Learning-2-Sample

September 19, 2025 · View on GitHub

RL0 in Evaluation Scenarios

Installation

git clone <this-reposttory>

Conda

conda create -n learning2sample python=3.11
conda activate learning2sample

This will install all necessary dependencies, and also installs external/dreamerv3 and external/frenetix-motion-planner as package dependencies, directly reflecting any changes made in these projects.

pip install poetry==2.1.3
poetry install

Training

Before training, please check and consider:

I. Before Training

Observation Settings

observation.py

Set the maximum number of obstacles to be considered:

max_elements: int = 3  # maximum number of obstacles in the set

Set the maximum number of consecutive lateral roads from the ego position to the final goal lanelet:

max_lanelets: int = 3 # maximum number of road boundaries (2: just a single lane, 3: two parallel lanes, 4: three parallel ...)

Generated Trajectory Evaluation

reinforcement_planner_cpp.py

In order to make the RL agent learn more directly what good trajectories are, consider commenting out the selection of the lowest cost trajectory if there is no drivable trajectory until the end of the trajectory.

# ********************************************
# Nice / Hard Mode (Comment Out) - Select first feasible trajectory in case no drivable trajectory exists
# ********************************************
if optimal_trajectory is None and len(feasible_trajectories) > 0:
    optimal_trajectory = feasible_trajectories[0]

Wandb

Set the wandb API Key:

export WANDB_API_KEY=<key>

and possible notes (for more environment options see wandb manual):

export WANDB_NOTES="Very interesting run"

II. Start Training

For the following command it is assumed being within the folder:
./learning2sample/external/dreamerv3

Finally, start training with:

python3 -u ./dreamerv3/main.py --configs frenetix_train size200m  2>&1 | tee dreamer_train_log.txt

III. Continue Training Run

For the following command it is assumed being within the folder:
./learning2sample/external/dreamerv3

Execute the same command as used previously for the training and add the logdir to the call:

python3 -u ./dreamerv3/main.py <train-arguments> --logdir <logdir>

Take the actual and no subdir.

Evaluation

The evaluation consists of the inference of the Dreamer Model and the execution of the Baseline Planner.
We also provide a bash script that executes these two steps and permutes the number of sample rings accordingly (see section).

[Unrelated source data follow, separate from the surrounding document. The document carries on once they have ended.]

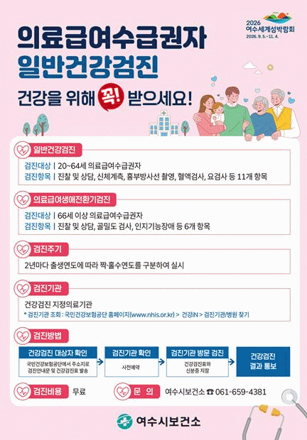 ¿ÃÇØ´Â Ȧ¼ö³âµµ Ãâ»ýÀÚ°¡ ´ë»óÀÌ¸ç ½Åü°èÃø¡¤Ç÷¾×°Ë»ç¡¤±¸°°ËÁø µî Ç׸ñÀ» Àü¾× ¹«·á·Î ¹ÞÀ» ¼ö ÀÖ´Ù.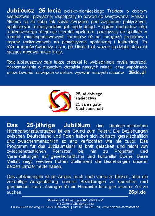 Wspólny występ obu zespołów z miast partnerskich: z Płocka (DZIECI PŁOCKA) i z Darmstadt (POLONEZ) odbędzie się w sobotę 2 lipca o 15:30 na Friedensplatz w Darmstadt. Serdecznie zapraszamy!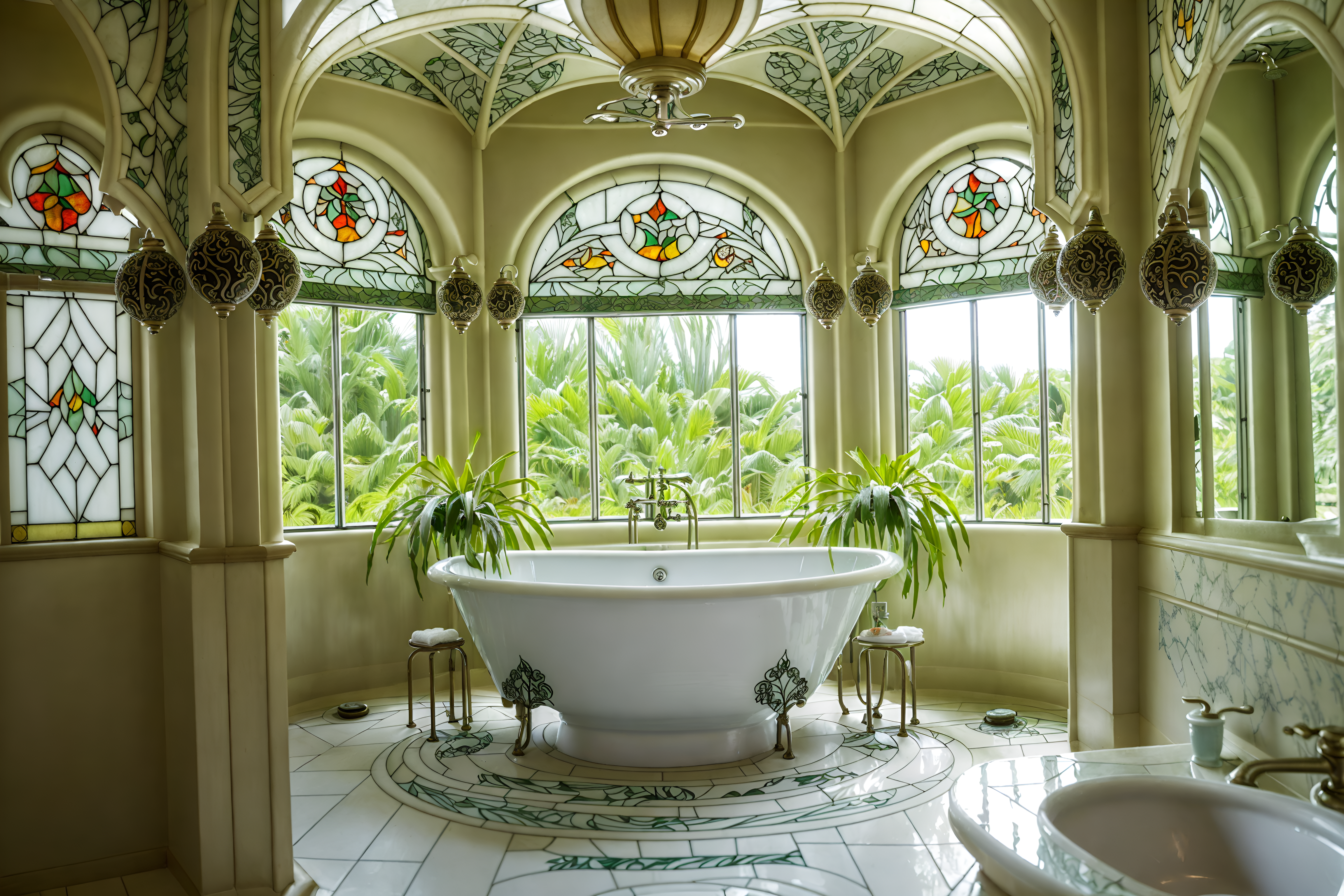 photo from pinterest of art nouveau-style interior designed (hotel bathroom interior) with shower and bath towel and plant and bathroom sink with faucet and bathtub and bath rail and toilet seat and waste basket. . with stained glass and curving, plant-like embellishments and arches and curved forms and wallpaper pattners of spider webs and natural materials and curved glass and stained glass and japanese motifs. . cinematic photo, highly detailed, cinematic lighting, ultra-detailed, ultrarealistic, photorealism, 8k. trending on pinterest. art nouveau interior design style. masterpiece, cinematic light, ultrarealistic+, photorealistic+, 8k, raw photo, realistic, sharp focus on eyes, (symmetrical eyes), (intact eyes), hyperrealistic, highest quality, best quality, , highly detailed, masterpiece, best quality, extremely detailed 8k wallpaper, masterpiece, best quality, ultra-detailed, best shadow, detailed background, detailed face, detailed eyes, high contrast, best illumination, detailed face, dulux, caustic, dynamic angle, detailed glow. dramatic lighting. highly detailed, insanely detailed hair, symmetrical, intricate details, professionally retouched, 8k high definition. strong bokeh. award winning photo.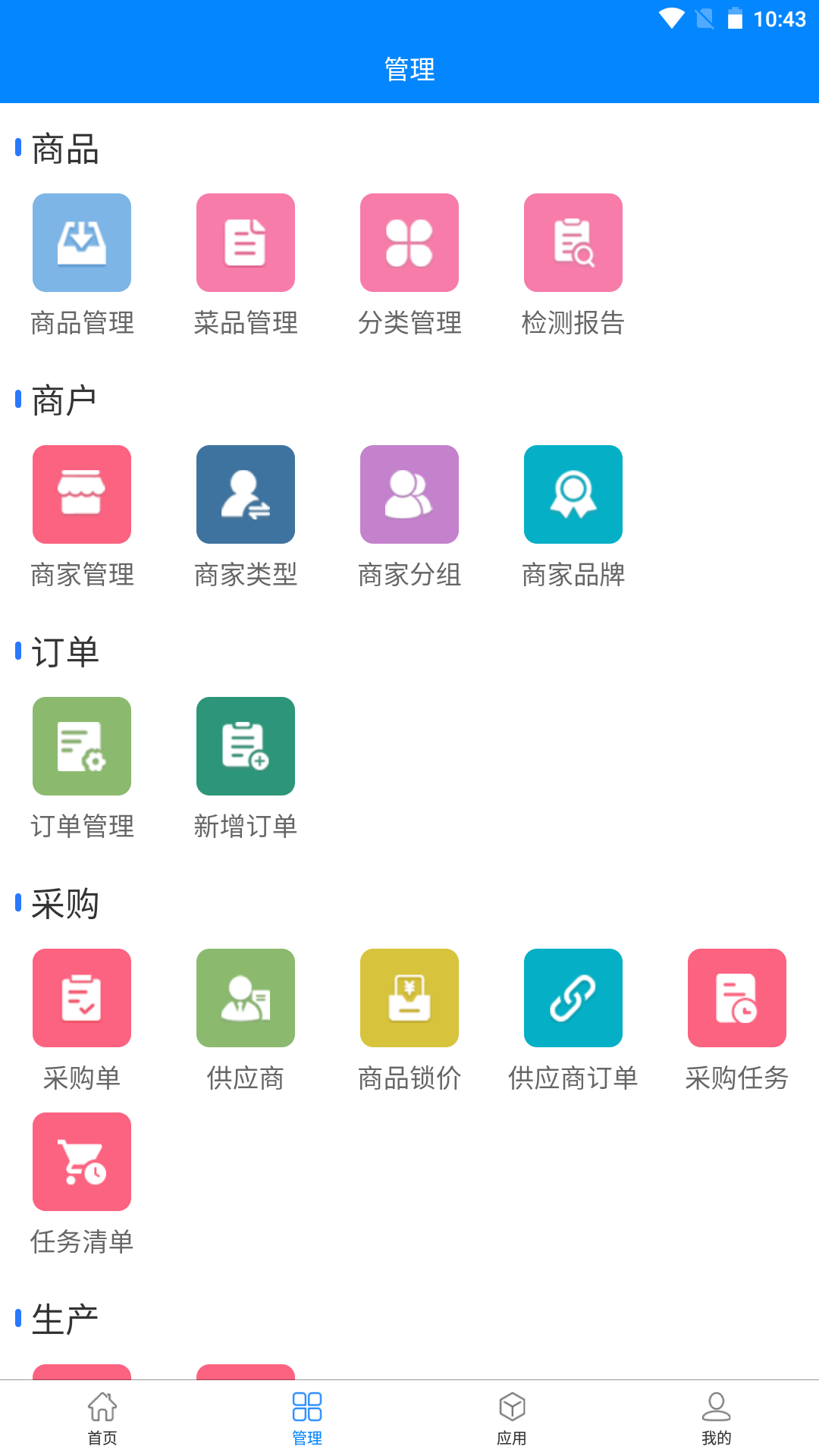 包含采购、商品、仓储、商户、物流配送等管理模块,支持采购调价、上传检疫报告、编辑商品信息,仓储、生产任务分配、查看订单信息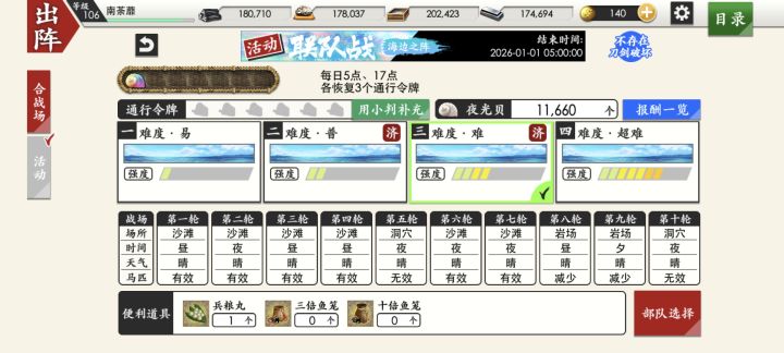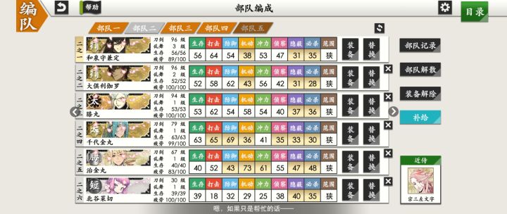 谁能想到昨天晚上我才刚刚拿到治金丸……谁能想到活动刚开始我只能拉齐一只平均三十几级的打太队伍……感觉海联这个活动就是打的越多越好打,随着三兄弟逐渐解锁点数开始由一天几百变成一天一千、一天两千、一天五千、一天五万,配队在最后一张图,打合战场时把菜菜换成山伏国广(锻刀非非的,这已经是我数一数二的刀了ww)这个队伍能打普通e2全s胜,彩虹合战场e4s胜。下面说说我的经历,海联经验给的很多,刀升级还是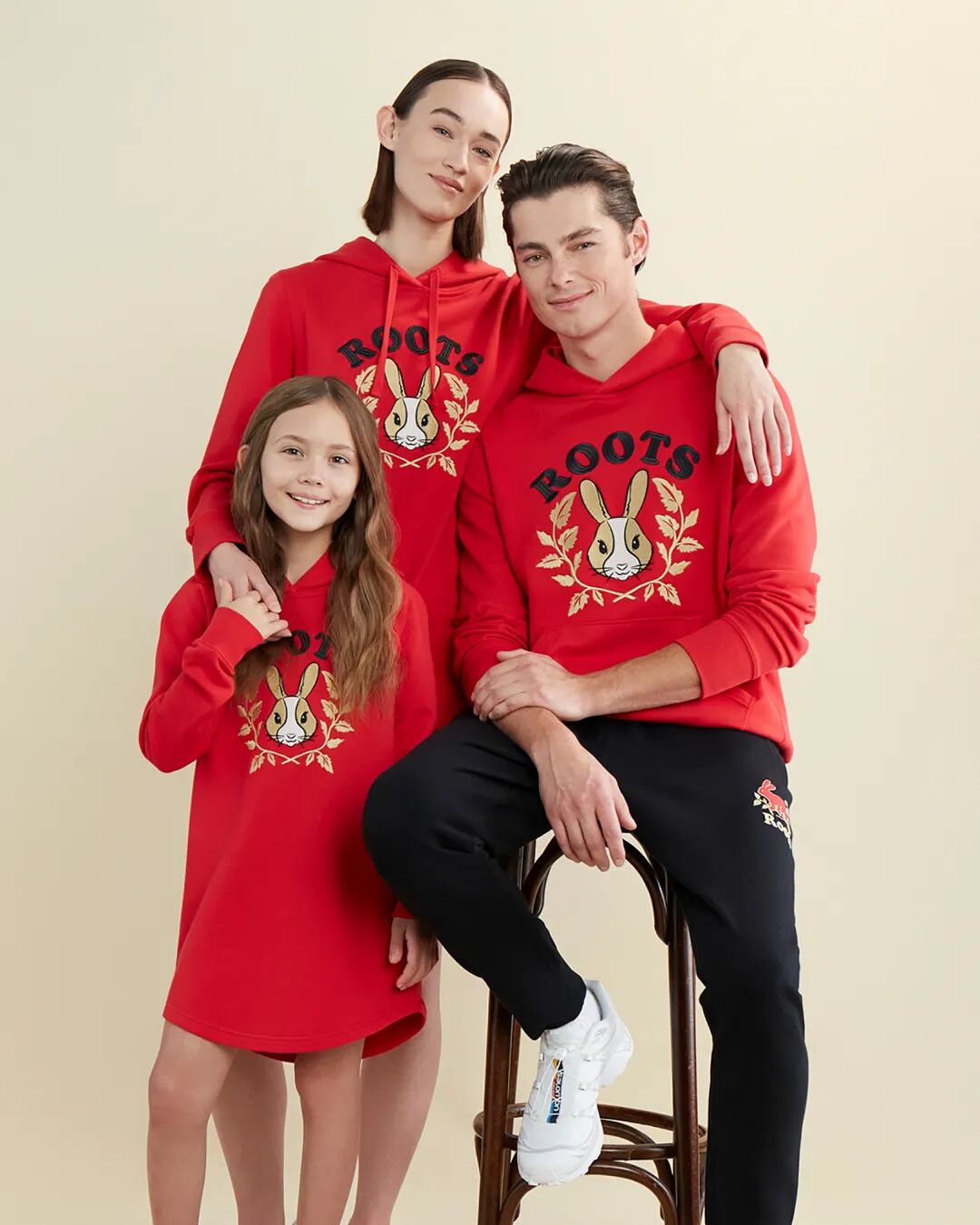 ROOTS经典的海狸LOGO摇身一变,让活泼可爱的小兔子成为新春将至的吉祥物,来自遥远的北美国度也一同感受兔年的喜悦,多种颜色搭配兔年LOGO,释放自由奔放的青春气息。此系列包含了连帽卫衣,圆领卫衣和连帽卫衣长裙等,不同样式诠释温暖设计,让舒适与摩登交汇,尽显时髦新春氛围。![]()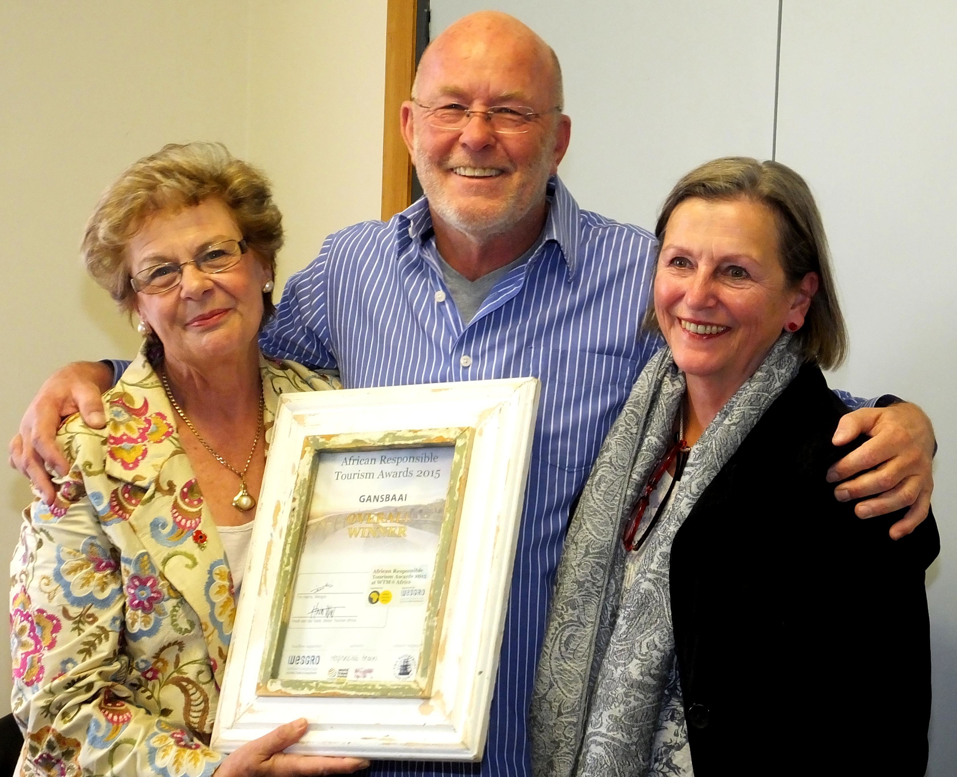 Die toekenning as Algehele Wenner wat aan Gansbaai Toerisme Buro gemaak is, het tot gevolg dat Gansbaai outomaties een van die finaliste vir die World Responsible Tourism Awards is wat gedurende November vanjaar in die Wêreld Handelsentrum in London sal plaasvind. Raadsdame Botha-Guthrie het haar opregte waardering tydens haar gelukwensing aan die drie instansies oorgedra en gesê die Overstrand in geheel kan net baie trots op hulle wees. Van die Toerisme Buro het Brenda du Toit (voorsitter), Glenda Kitley (Bestuurder) en Caron Lee (Bemarking) hulle sertifikaat in ontvangs geneem. Wilfred Chivell van Dyer Island Conservation Trust en Marine Dynamics se sertifikaat ontvang en Michael en Dorothy Lutzeyer van Grootbos Privaat Natuurreservaat in samewerking met Grootbos Foundation hulle sertifikaat.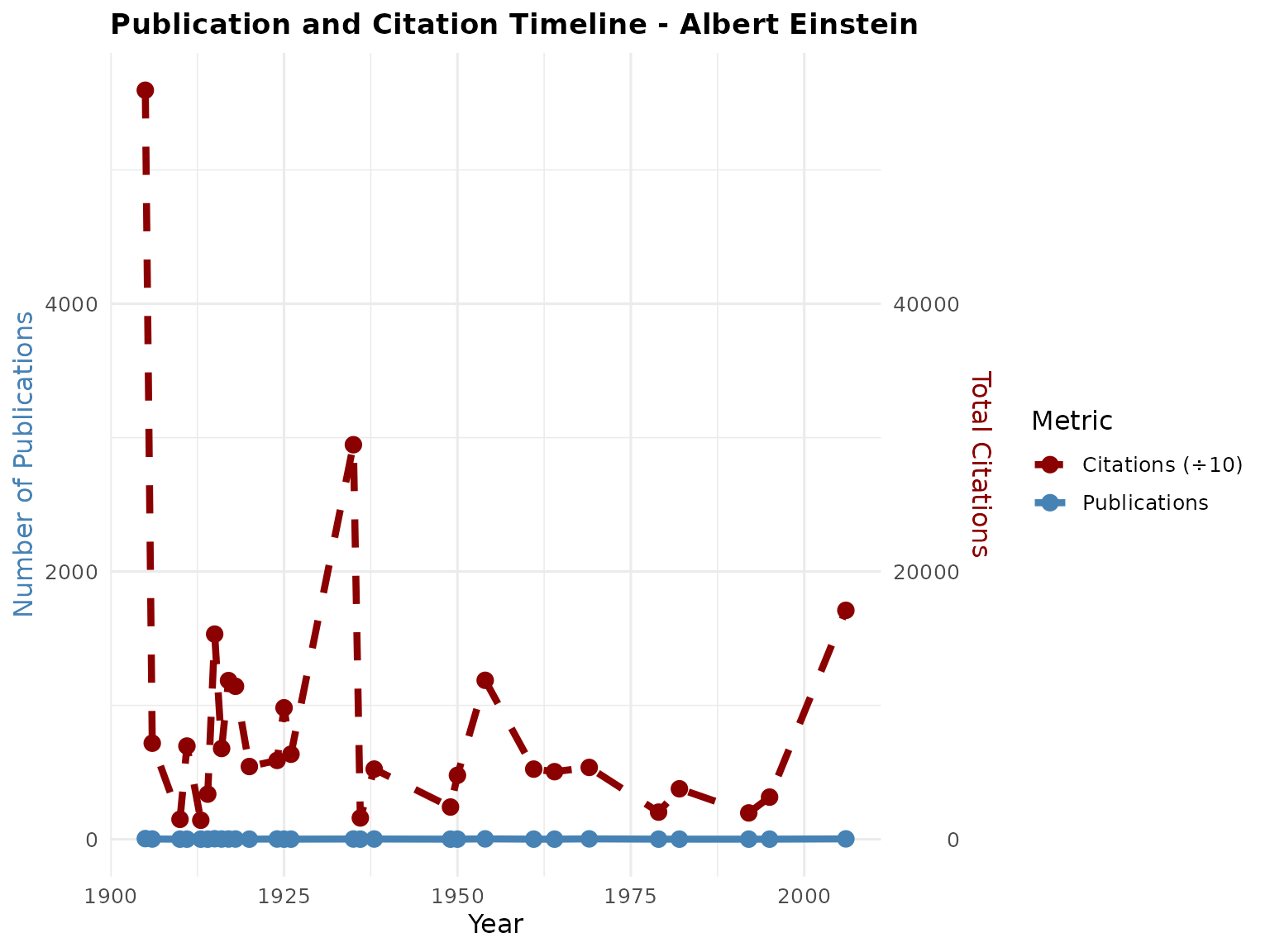 p1 <- PlotCitationImpact(scholar_data, plot_type = "summary")
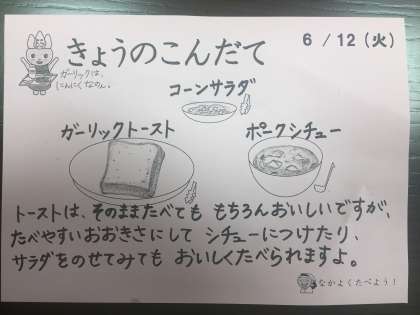 食べ終わってから、栄養士の先生が書いた「今日のこんだて」を見たら「シチューにつけたり、サラダをのせてみても」と書いてありました。

To reproduce the paper's qualitative and quantitative results:

we provide the trained weights of the dreamer model
all used commonroad scenarios are in ./scenarios
(this code base)

DreamerV3 Inference

First, adapt the evaluation settings in the configs.yaml:

frenetix_eval:
  ...
  
  run: {
    ...
    steps: 300,  # number of evaluation steps - corresponds to number of evaluation scenarios (right now set for the quantitative scenarios)
    ...}

  env.frenetix.sample_rings: 3  # set here the number of sample rings around the ego vehicle [0,1,2,3, ...]  
  env.frenetix.scenario_folder:  "../../scenarios/quantitative"  # set here the scenario folder or leave it "" to use the dynamically generated scenarios during training
  ...

Then, run the model inference:

For the following command it is assumed being within the folder:
./learning2sample/external/dreamerv3

python3 -u dreamerv3/main.py --configs frenetix_train <model_size> frenetix_eval --run.from_checkpoint <checkpoint_folder>

Hint: The <checkpoint_folder> contains the done file.

Base Planner Execution

The Base / Standard Planner can be executed with:

python3 gym_env_basic.py --eval --episodes 300 --scen-folder ./scenarios/<folder> --standard --rings <int>

Unified Execution

For re-computation of the paper results, you can execute the bash script:

bash ./exec.sh

Results Analysis

Finally, the data analysis and plots can be executed in the provided Jupyter notebooks:

Visualization

To create a .gif from the *.svg files, you can use svgs2gif.py as follows:

python3 ./svgs2gif.py <folder to svgs> --fps <int>

See --help for more information.

Additional Visualizations

RL (ours) vs RL3 (ours) vs Baseline Planner B800

RL Versions (ours) against Baseline Planne

Evasive Scenario: RL3 (ours) vs FISS+

RL (ours) against FISS+ Planner in Evasive Scenario

FISS+ Scenario: RL3 (ours) vs FISS+

RL (ours) against FISS+ Planner in FISS+ Scenario

Simulation Hints

Curvilinear Projection Domain Constraints

The project depends on the curvilinear coordinate system and all relevant observations are transformed into curvilinear coordinates.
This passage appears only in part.